◆ WHAT YOU NEED TO DO
Your answer should be one number, the count of lines in the records that carry the string "with".

◆ TASK INPUTS
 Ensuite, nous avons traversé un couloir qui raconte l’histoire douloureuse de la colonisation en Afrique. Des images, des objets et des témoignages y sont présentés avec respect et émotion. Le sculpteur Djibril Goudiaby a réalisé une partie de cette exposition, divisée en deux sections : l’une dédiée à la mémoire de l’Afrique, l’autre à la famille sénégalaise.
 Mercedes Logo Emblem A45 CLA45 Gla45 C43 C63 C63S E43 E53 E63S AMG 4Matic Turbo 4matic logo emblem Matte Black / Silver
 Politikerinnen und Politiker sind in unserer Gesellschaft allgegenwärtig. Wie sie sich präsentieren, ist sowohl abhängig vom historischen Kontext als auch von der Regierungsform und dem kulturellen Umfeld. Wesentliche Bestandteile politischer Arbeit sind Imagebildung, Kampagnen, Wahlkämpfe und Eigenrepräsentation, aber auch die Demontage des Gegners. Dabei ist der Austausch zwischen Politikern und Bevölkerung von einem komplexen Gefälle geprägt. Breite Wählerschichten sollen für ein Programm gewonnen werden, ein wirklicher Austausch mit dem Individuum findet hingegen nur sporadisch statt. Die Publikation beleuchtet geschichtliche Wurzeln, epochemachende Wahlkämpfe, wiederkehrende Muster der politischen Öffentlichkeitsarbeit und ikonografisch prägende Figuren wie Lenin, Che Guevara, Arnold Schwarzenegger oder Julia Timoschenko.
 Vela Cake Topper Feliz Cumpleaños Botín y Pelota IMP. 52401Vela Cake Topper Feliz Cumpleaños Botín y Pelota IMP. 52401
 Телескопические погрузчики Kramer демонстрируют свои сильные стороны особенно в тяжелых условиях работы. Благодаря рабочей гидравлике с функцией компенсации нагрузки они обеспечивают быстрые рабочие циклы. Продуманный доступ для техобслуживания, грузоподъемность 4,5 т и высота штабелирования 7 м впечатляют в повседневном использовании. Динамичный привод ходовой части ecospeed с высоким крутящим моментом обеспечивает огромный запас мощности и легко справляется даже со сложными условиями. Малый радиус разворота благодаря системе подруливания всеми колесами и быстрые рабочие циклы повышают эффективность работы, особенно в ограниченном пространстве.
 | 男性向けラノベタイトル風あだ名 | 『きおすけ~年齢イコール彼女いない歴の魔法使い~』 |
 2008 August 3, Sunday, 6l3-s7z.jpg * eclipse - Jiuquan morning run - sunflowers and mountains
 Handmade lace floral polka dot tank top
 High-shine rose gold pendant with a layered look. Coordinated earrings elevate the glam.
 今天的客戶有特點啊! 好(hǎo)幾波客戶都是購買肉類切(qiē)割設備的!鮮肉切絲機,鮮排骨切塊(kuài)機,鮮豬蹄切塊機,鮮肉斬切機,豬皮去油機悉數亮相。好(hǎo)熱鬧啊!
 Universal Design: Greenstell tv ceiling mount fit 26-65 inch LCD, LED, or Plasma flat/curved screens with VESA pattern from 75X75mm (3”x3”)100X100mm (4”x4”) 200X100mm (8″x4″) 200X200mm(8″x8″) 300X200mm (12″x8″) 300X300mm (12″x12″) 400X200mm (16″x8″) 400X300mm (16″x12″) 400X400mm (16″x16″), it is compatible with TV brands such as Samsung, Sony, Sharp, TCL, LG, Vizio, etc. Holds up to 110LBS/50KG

◆ TASK RESPONSE
2